I sincerely wish I could find more things to praise about Condemned 2: Bloodshot, but I'm simply at a loss. Nearly everything that was great about the first game is now absent, replaced by choices and decisions that consistently miss the mark. Cheesy "boss" encounters and murky graphics that weren't worth a paragraph compound the already gimmicky combat, out-of-place levels, nonsensical plot elements and confused "dramatic" progression... it's as if the developers genuinely have no idea what made the first Condemned so good and instead chose to focus on a slew of things that run counter to creating a similarly grim crusade.
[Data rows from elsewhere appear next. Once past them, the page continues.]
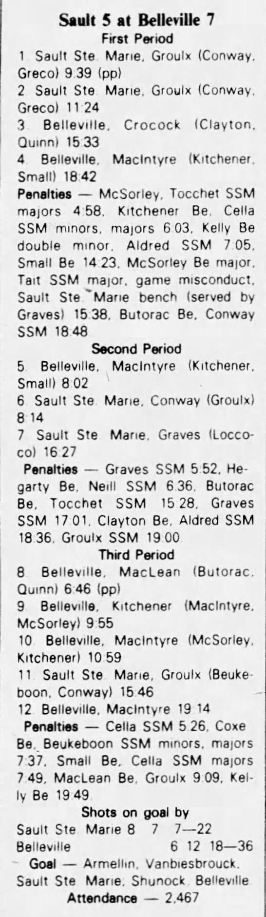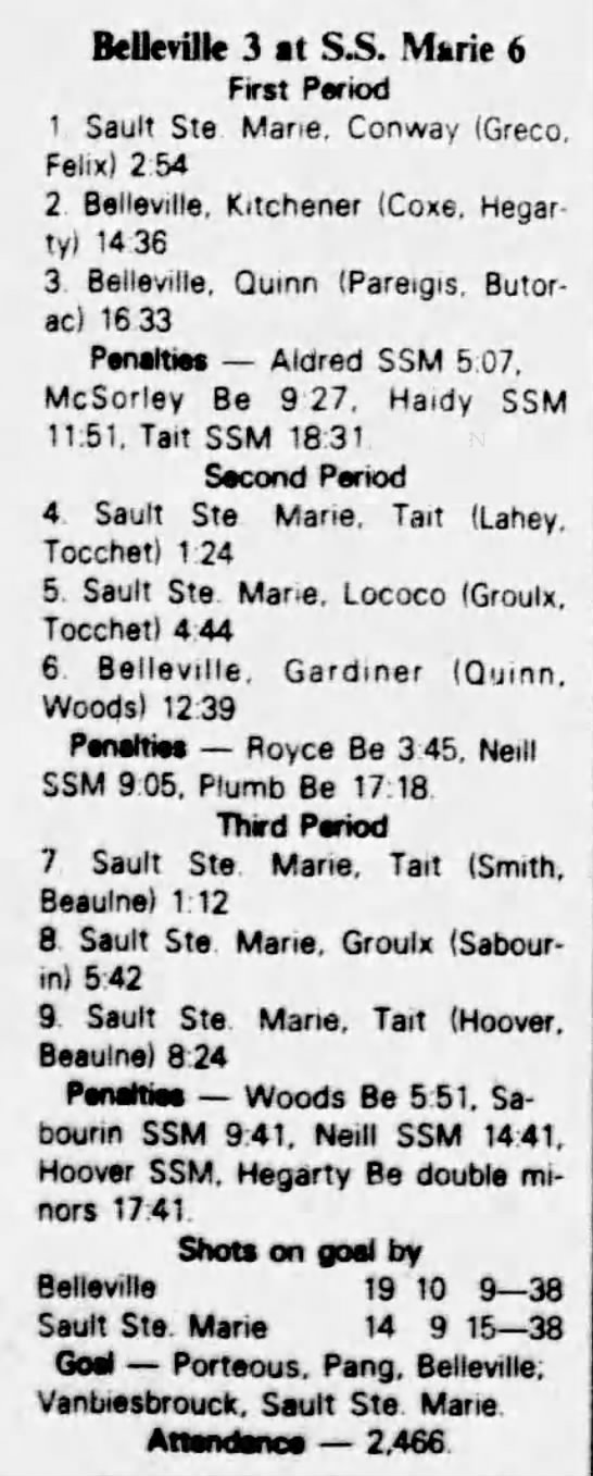 October 23 1982- Belleville @ Sudbury (5-4 Sudbury)
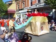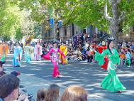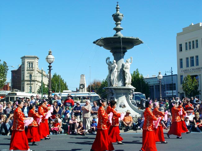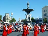 | 游行队伍经过市中心 | 唐装表演 | 红绸舞 |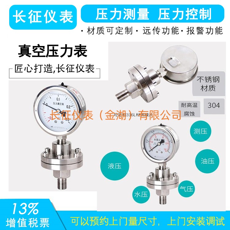 真空壓力表 以大氣壓力為基準,用于測量小于大氣壓力的儀表。真空壓力表適用測量無爆炸,不結晶,不凝固,對銅和銅合金無腐蝕作用的液體、氣體的真空壓力測量,不銹鋼真空表和不銹鋼壓力真空表用于測量對不銹鋼316,316L及0Crl8Ni12MO2Ti無腐蝕作用的液體,氣體介質的壓力和負壓,全不銹對環境有更強的耐蝕能力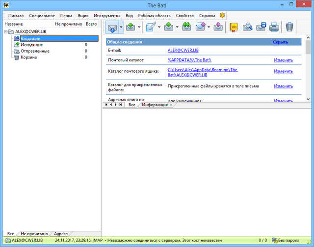 Уважаемый Кролик! Замучил меня один вопрос:не смотря на то, что резервное копирование у меня отключено, копия создаётся, причём, в самый неподходящий момент. Копия находится по адресу: C:\Users\ИМЯ\AppData\Roaming\The Bat!, где ИМЯ-имя моего СТАРОГО компа, с которого на новом из резервной копии был восстановлен The Bat! Как это побороть? Заранее благодарен.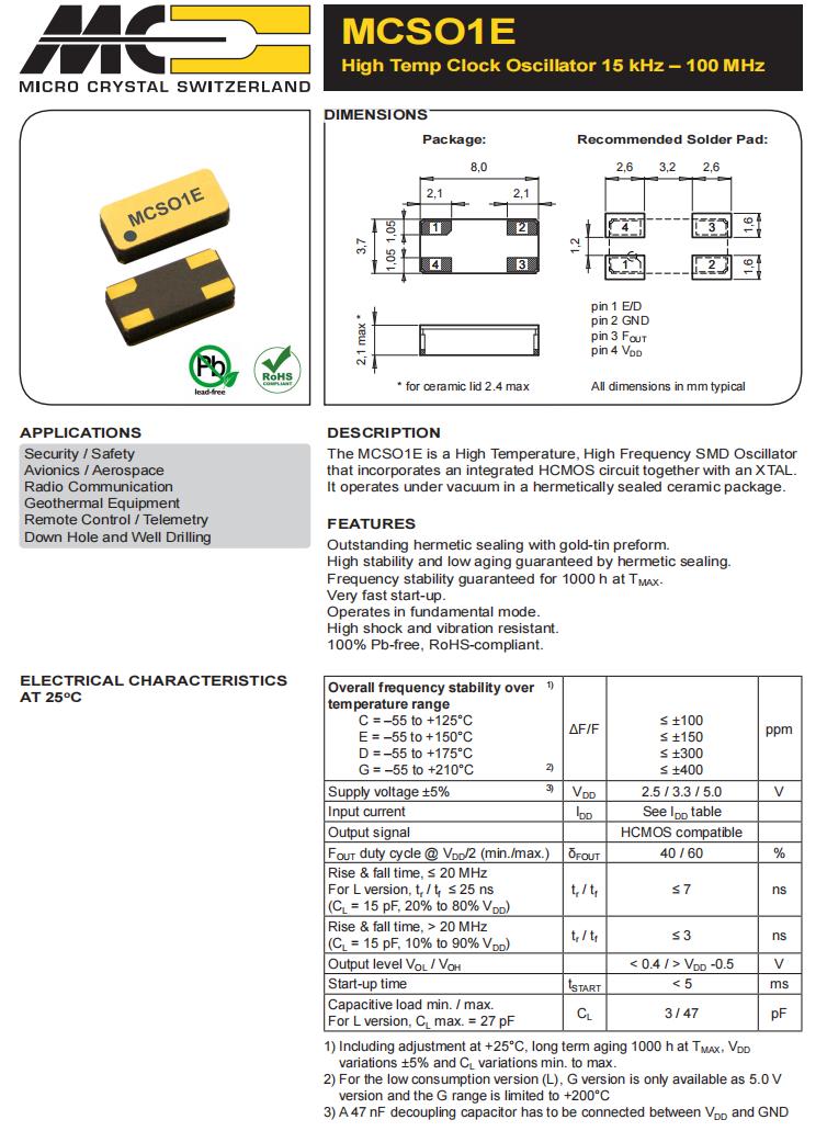MCSO1ECHV-C-40.000MHz-E/D-T3|耐高溫晶振|6G基站晶振規格表
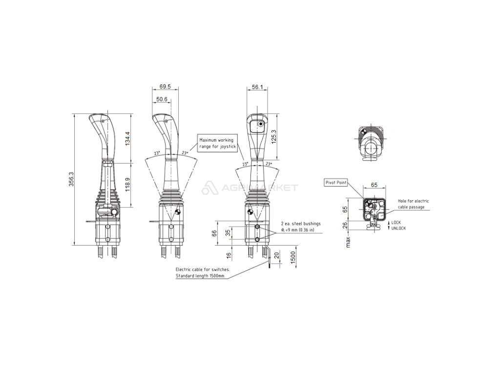 2sekce sada hydraulick‚ho joysticku 1 tlačítko + 2x kabely 1m + 2sekcerozvaděč 90l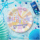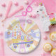 Ein lustiges pastellfarbenes Design mit einem weißen Roller-Skate mit dem Text 'Let's Roll' auf einem Regenbogen Berst Hintergrund mit Gänsen. Das Design ist in Rosa, Orange, Gelb und lila gehalten. Sehen Sie sich die komplette passende Party-Auflistung an.

If the first game was a chillingly-black horror to be feared, Bloodshot's a pretender in a goofy rubber mask, making funny noises and stumbling over its own feet.
Disclosures: This game was obtained via retail and reviewed on the Xbox 360. Approximately nine hours of play were devoted to the single-player mode, and the game was completed one time. No time was spent in multiplayer modes.
Parents: According to the ESRB, this game contains Blood and Gore, Intense Violence, Strong Language, and Use of Drugs and Alcohol. File this one under "absolutely not for kids." It's ugly, bloody, brutal, and will be nightmare-inducing to younger players. There's also lots of salty language, and the main character needs to drink alcohol in order to be able to reduce his withdrawal symptoms and aim a gun properly. Under no circumstances whatsoever should little ones crack this case.
Deaf & Hard of Hearing: You will be at a severe disadvantage since the game relies heavily on audio cues to alert players to the presence of enemies. With normal hearing I got jumped all the time. With no sound, it happens even more often and significantly ramps up the difficulty. There are no visual cues onscreen to inform players which direction shots or attacks are coming from, and the screen goes blurry when hits are taken, so be prepared to be quite frustrated at times. On the plus side, there are subtitles available for all of the dialogue, and the checkpoints are fairly frequent.